[Data records]

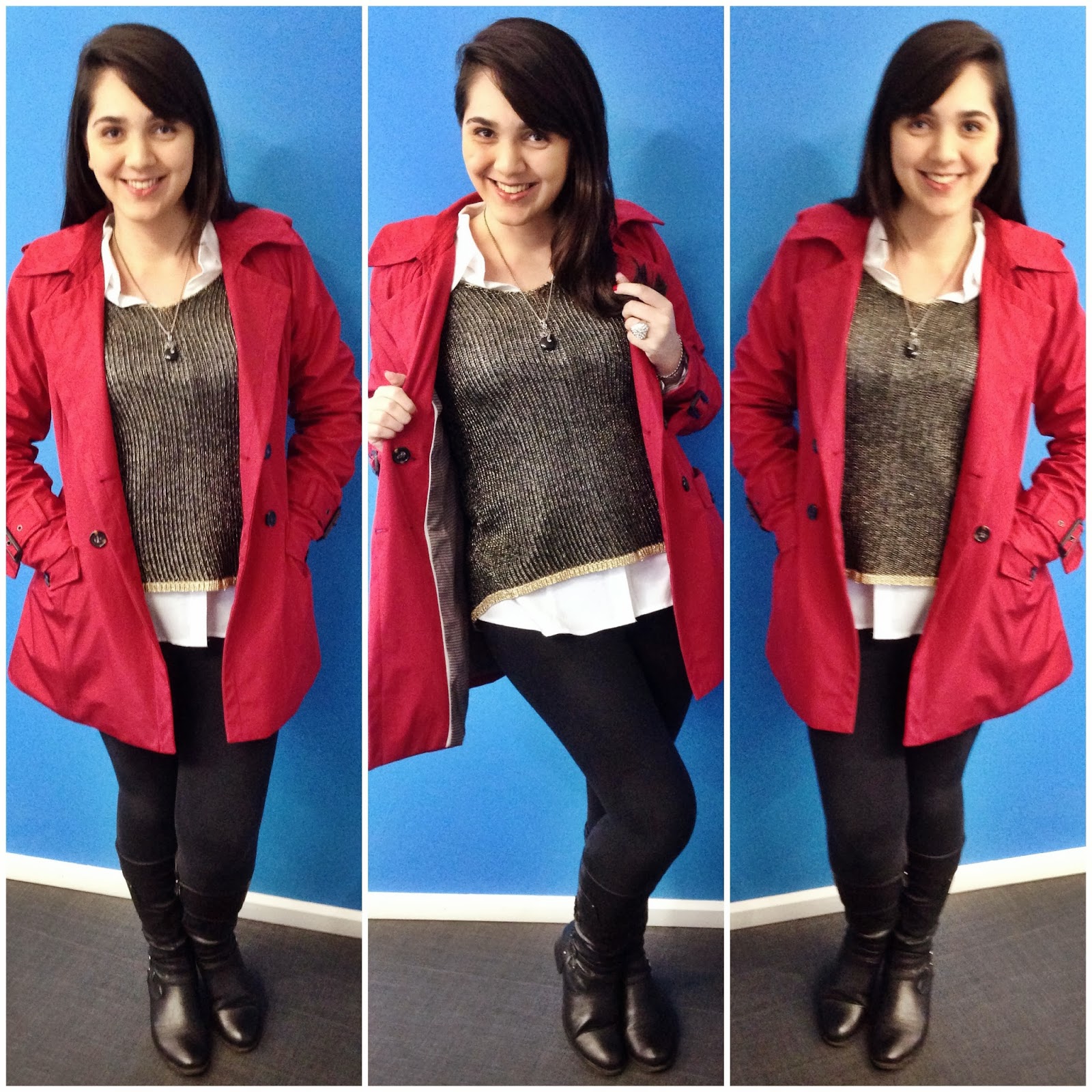 O look basiquinho mas com um casaco vermelho charmosíssimo!!
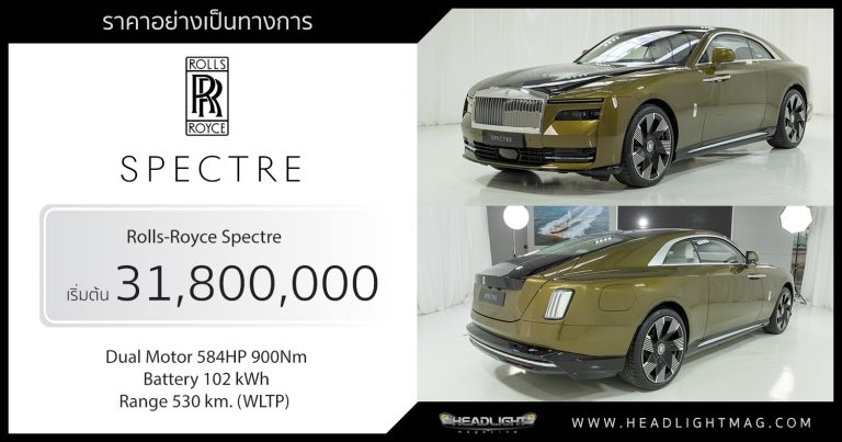 ราคาอย่างเป็นทางการ Rolls-Royce SPECTRE Rolls-Royce Spe … อ่านเพิ่มเติม ราคาอย่างเป็นทางการ Rolls-Royce SPECTRE : เริ่มต้น 31,800,000 บาท | A Rolls-Royce first, and an Electric Car second.
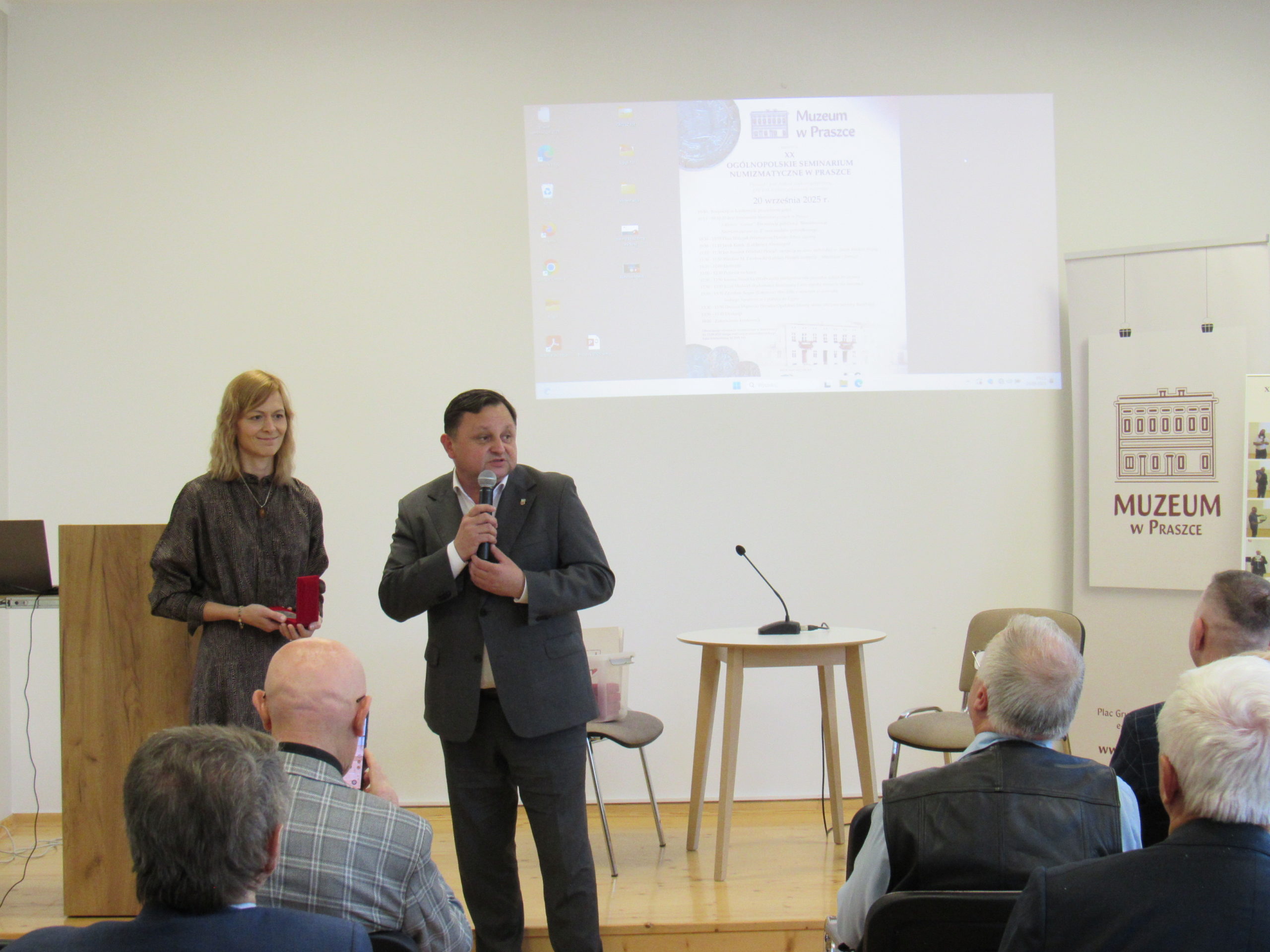 Upamiętnieniem wydarzenia jest również medal pamiątkowy- posrebrzony o średnicy 70 mm, na awersie upamiętniający to wydarzenie napis XX Ogólnopolskie Seminarium Numizmatyczne 2005-2025, zaś rewers zdobi siedziba naszego Muzeum, w otoku zaś napis łaciński w wolnym tłumaczeniu rozumiany jako Pieniądz to moje drugie ja, z którą to sentencją z pewnością utożsamić może się niejeden z naszych gości.
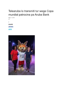 Telearuba lo transmiti tur wega Copa mundial patrocina pa Aruba Bank May 21, 2018 33 0 SHARE Facebook Twitter
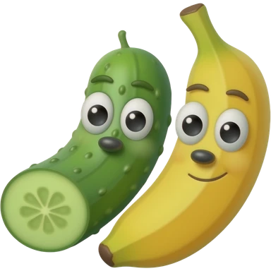 Un plátano con ojos y nariz y un pepino én la emoji
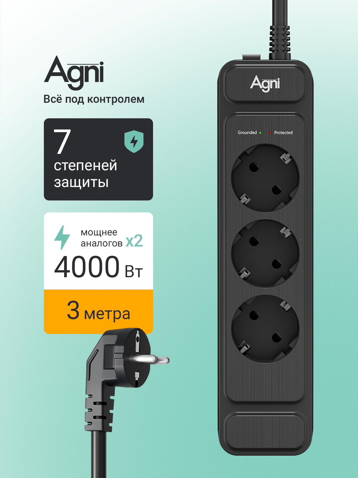 Сетевой фильтр, AGNI, с заземлением, 3 розетки с выключателем, удлинитель сетевой 3м: сравнение цен, характеристики, фото, актуальное наличие и цены.
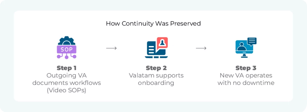 When the first VA eventually transitioned off the project, she proactively documented her workflows with video SOPs. This allowed the replacement VA to onboard quickly and maintain performance levels from day one.
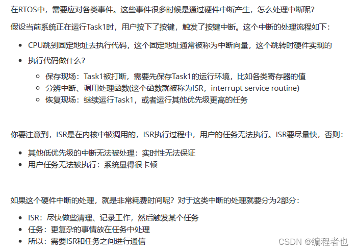 ISR是一个特殊的函数,当特定的中断事件发生时,CPU会自动跳转到这个函数执行。ISR的主要目标是尽快响应中断事件,执行必要的硬件操作(如清除中断标志位),然后可能通过某种机制(如发送信号量、向消息队列发
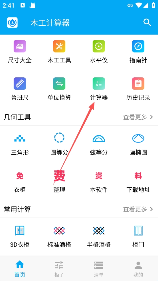 1、打开木工计算器App后在首页点击计算器。
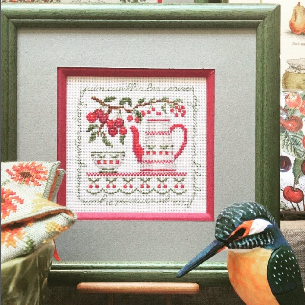 約11.5cm角の四角く小さいサイズのクロスステッチキットです。 さくらんぼに、さくらんぼ柄のポッドやボウル、レース。
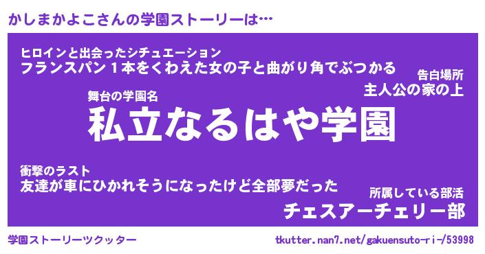 | 告白場所 先生の家の上 …「ふぃぎゅこ」 | 2月17日 06:24 |

# Exercise description:
Only the lines from the start of the records to the line with "Сетевой фильтр, AGNI, с" belong in the copy. Print them exactly, minus pictures.

# Result of this exercise:
 O look basiquinho mas com um casaco vermelho charmosíssimo!!
 ราคาอย่างเป็นทางการ Rolls-Royce SPECTRE Rolls-Royce Spe … อ่านเพิ่มเติม ราคาอย่างเป็นทางการ Rolls-Royce SPECTRE : เริ่มต้น 31,800,000 บาท | A Rolls-Royce first, and an Electric Car second.
 Upamiętnieniem wydarzenia jest również medal pamiątkowy- posrebrzony o średnicy 70 mm, na awersie upamiętniający to wydarzenie napis XX Ogólnopolskie Seminarium Numizmatyczne 2005-2025, zaś rewers zdobi siedziba naszego Muzeum, w otoku zaś napis łaciński w wolnym tłumaczeniu rozumiany jako Pieniądz to moje drugie ja, z którą to sentencją z pewnością utożsamić może się niejeden z naszych gości.
 Telearuba lo transmiti tur wega Copa mundial patrocina pa Aruba Bank May 21, 2018 33 0 SHARE Facebook Twitter
 Un plátano con ojos y nariz y un pepino én la emoji
 Сетевой фильтр, AGNI, с заземлением, 3 розетки с выключателем, удлинитель сетевой 3м: сравнение цен, характеристики, фото, актуальное наличие и цены.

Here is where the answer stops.